MAX_INDEL_LENGTH (50 bp) is an appropriate threshold in the middle of an alignment, but it's too small at the ends of alignments. For example, requiring 95% alignment identity, a 10 bp indel and a single SNV (normal individual variation) at the end of contig can cause 50 bp to go unaligned, and so incorrectly be classified as a misassembly rather than a scaffold gap.

I feel that an alignment gap should be classified as a scaffold gap as long as the gap contains more than 10 consecutive Ns, and the alignment blocks to the left and right of the alignment gap are collinear.

from quast.

sjackman avatar sjackman commented on July 23, 2024

If there is an unaligned segment in the middle of a contig, I believe it's detected by this function process_unaligned_part, which increments possible_misassemblies.

if count_ns / float(unaligned_len) < qconfig.gap_filled_ns_threshold and unaligned_len - count_ns >= qconfig.unaligned_part_size:
possible_misassemblies = 1

Where does that unaligned part get counted in the metrics? My guess is either # unaligned mis. contigs or unaligned contigs (partial). Which one would it be? Does it also get counted as # misassembled contigs and/or # misassemblies?

from quast.

sjackman avatar sjackman commented on July 23, 2024

even not necessary consecutive, just a single N per 1 kbp

Good catch. I've fixed up my PR #47:

def is_gap_filled_ns(contig_seq, align1, align2):
    gap_in_contig = contig_seq[align1.end(): align2.start() - 1]
    return 'N' * qconfig.Ns_break_threshold in gap_in_contig

from quast.

sjackman avatar sjackman commented on July 23, 2024

gap_in_contig = contig_seq[align1.end(): align2.start() - 1]

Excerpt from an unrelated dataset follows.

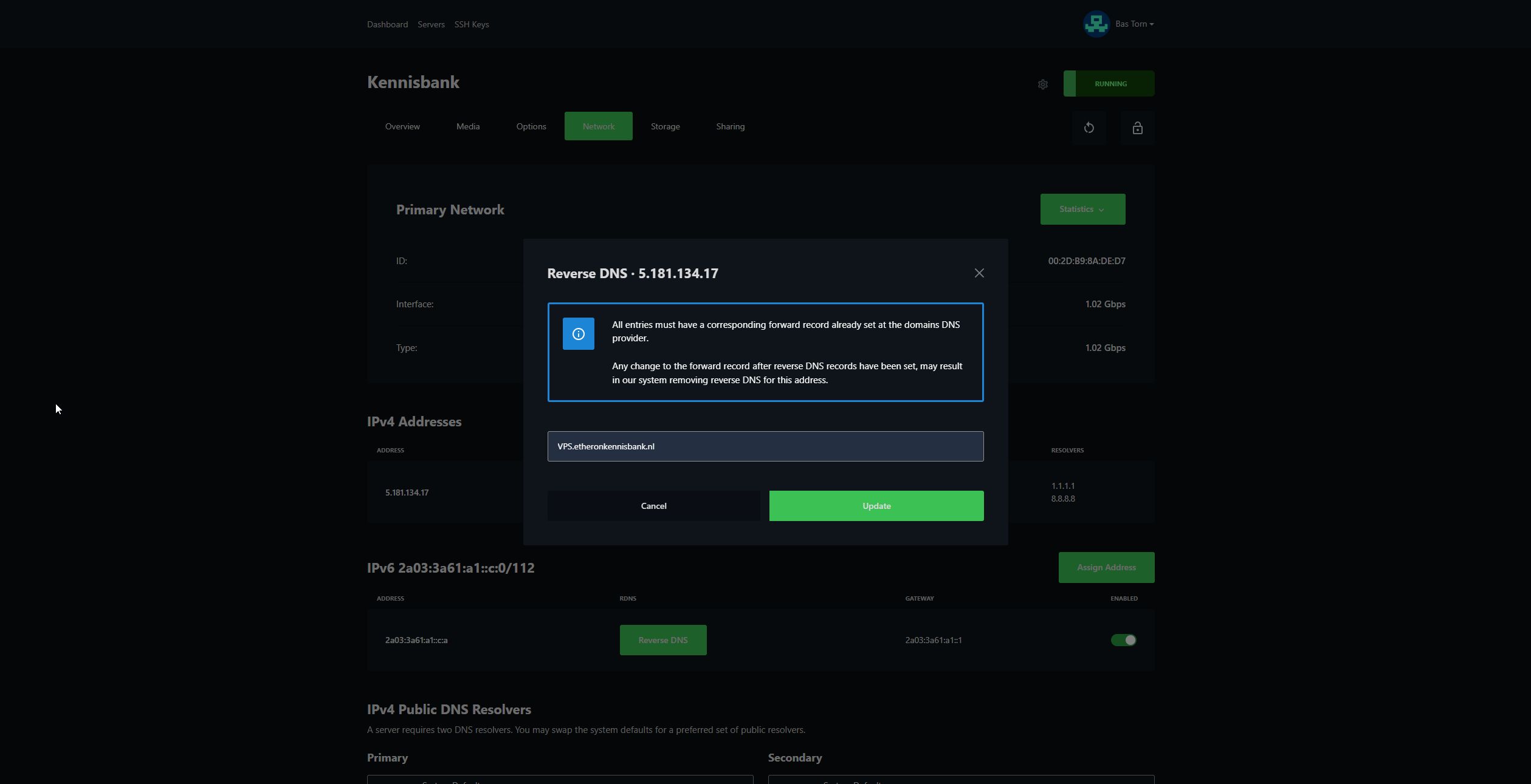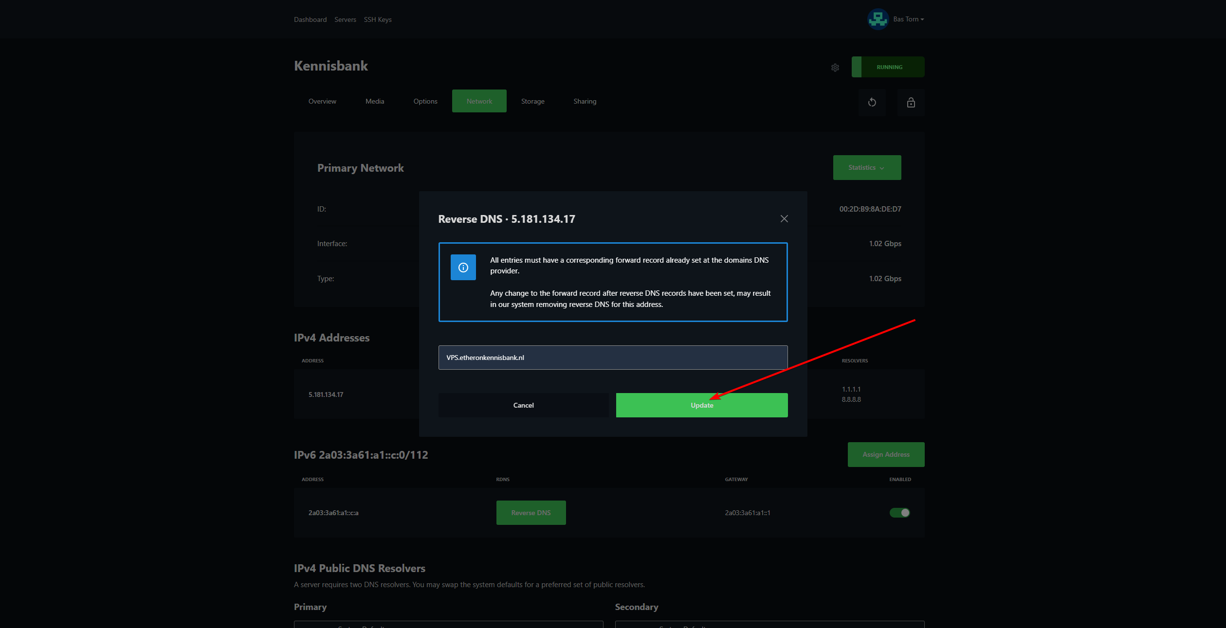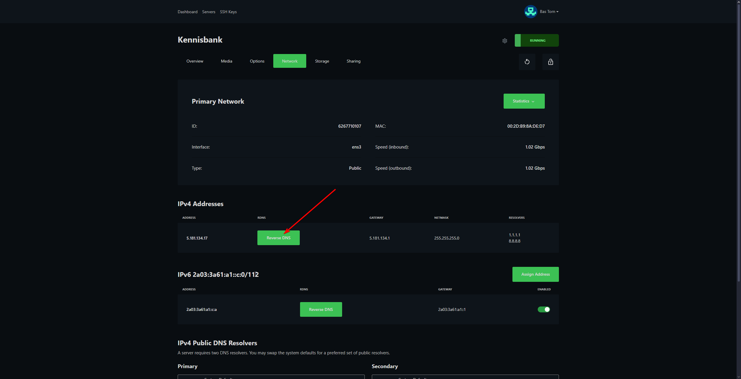 - Klik bij IPv4 (of IPv6 indien je dat fijner vindt) op de groenen **Reverse DNS **knop.

PAF uses 0-based coordinates. Does QUAST use 1-based coordinates internally?
https://github.com/lh3/miniasm/blob/master/PAF.md

from quast.

alexeigurevich avatar alexeigurevich commented on July 23, 2024

Will answer to all questions here:

If there were a 10 kbp gap, I'd expect the 10 kbp of sequence to align somewhere else in the reference, and so it would be classified as a misassembly (either a translocation or relocation). If there's sequence that does not align to the reference at all, it's more likely a reference issue then an assembly issue, either sequence found in this individual and missing from the reference, or a >5% diverged mobile genetic element.

I feel that an alignment gap should be classified as a scaffold gap as long as the gap contains more than 10 consecutive Ns, and the alignment blocks to the left and right of the alignment gap are collinear.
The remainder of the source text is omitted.